| About this exercise |
Give the data below again exactly as written, without its pictures.

| Source data |
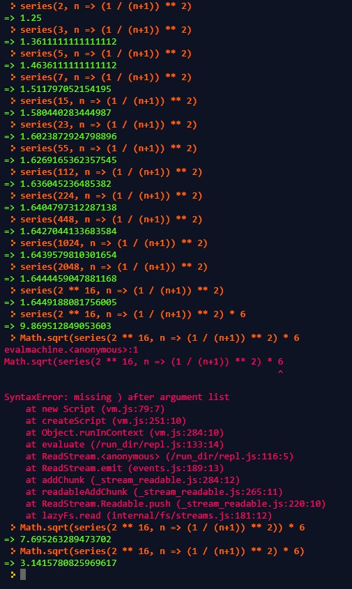 Simon has made a small calculator/approximator in Repl.it that shows what number an infinite series converges to: https://repl.it/@simontiger/Series
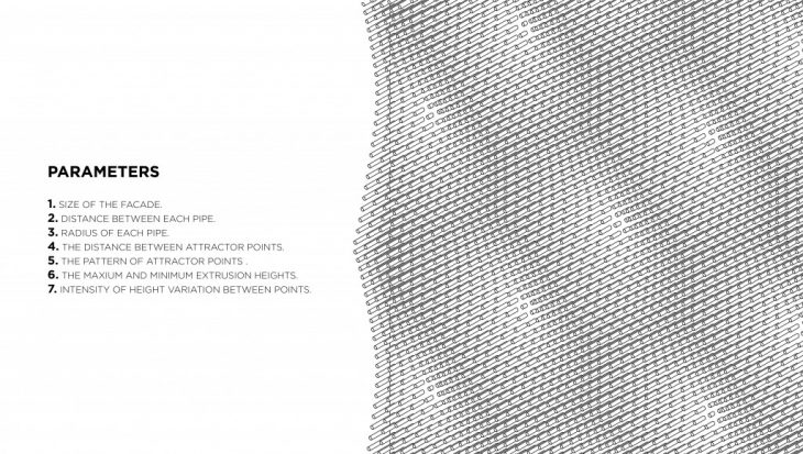 analyze and define the computational process behind it. The facade chosen for the task was designed by NUDES for BAD CAFÉ, located in Mumbai, India, in 2015. This form of parametric design is composed of pipes which extrude at varying heights.
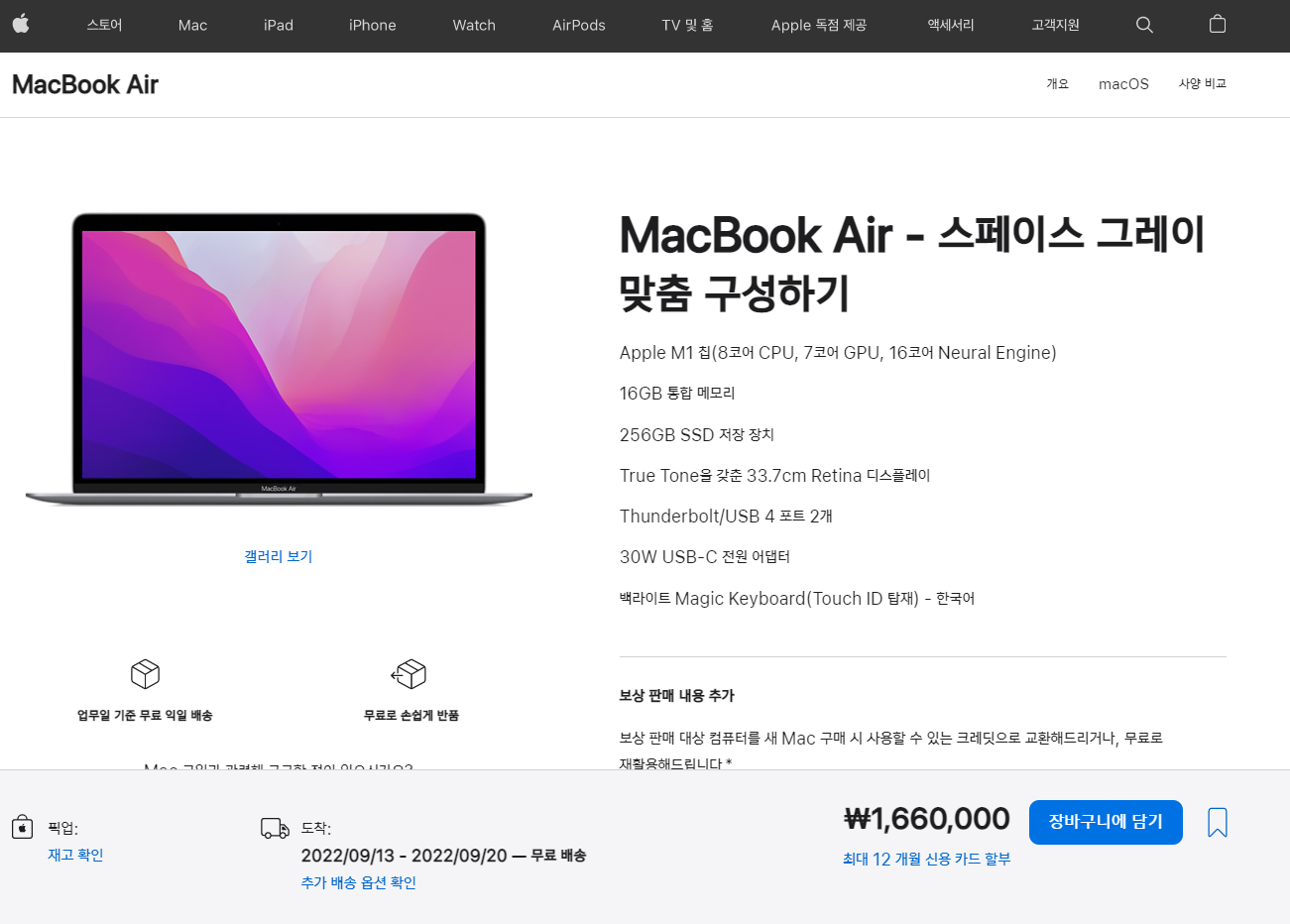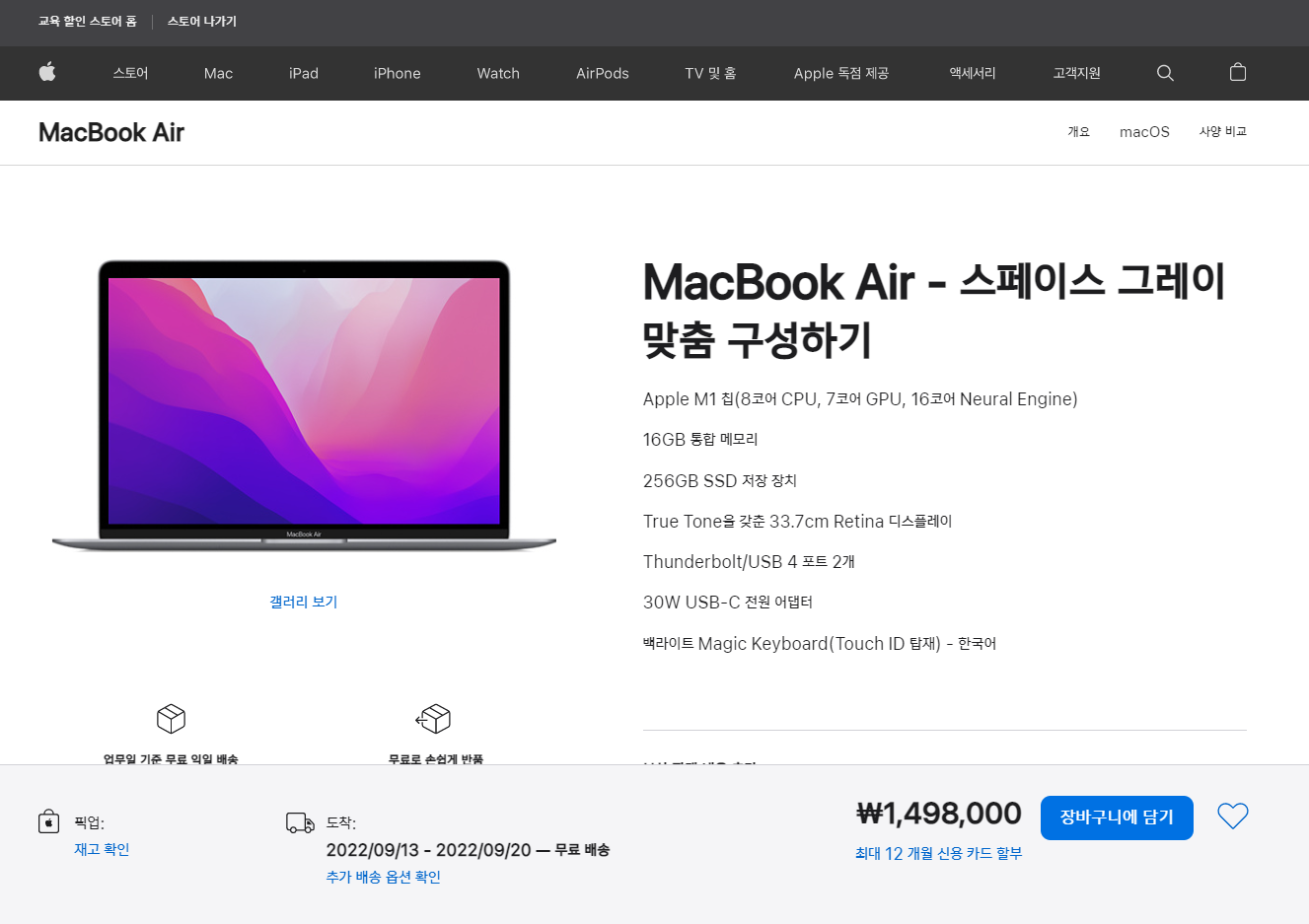 위 사진이 일반 공식 사이트에서 맥북 에어 M1칩 RAM 16GB의 가격이다.

| Solution for this exercise |
 Simon has made a small calculator/approximator in Repl.it that shows what number an infinite series converges to: https://repl.it/@simontiger/Series
 analyze and define the computational process behind it. The facade chosen for the task was designed by NUDES for BAD CAFÉ, located in Mumbai, India, in 2015. This form of parametric design is composed of pipes which extrude at varying heights.
 위 사진이 일반 공식 사이트에서 맥북 에어 M1칩 RAM 16GB의 가격이다.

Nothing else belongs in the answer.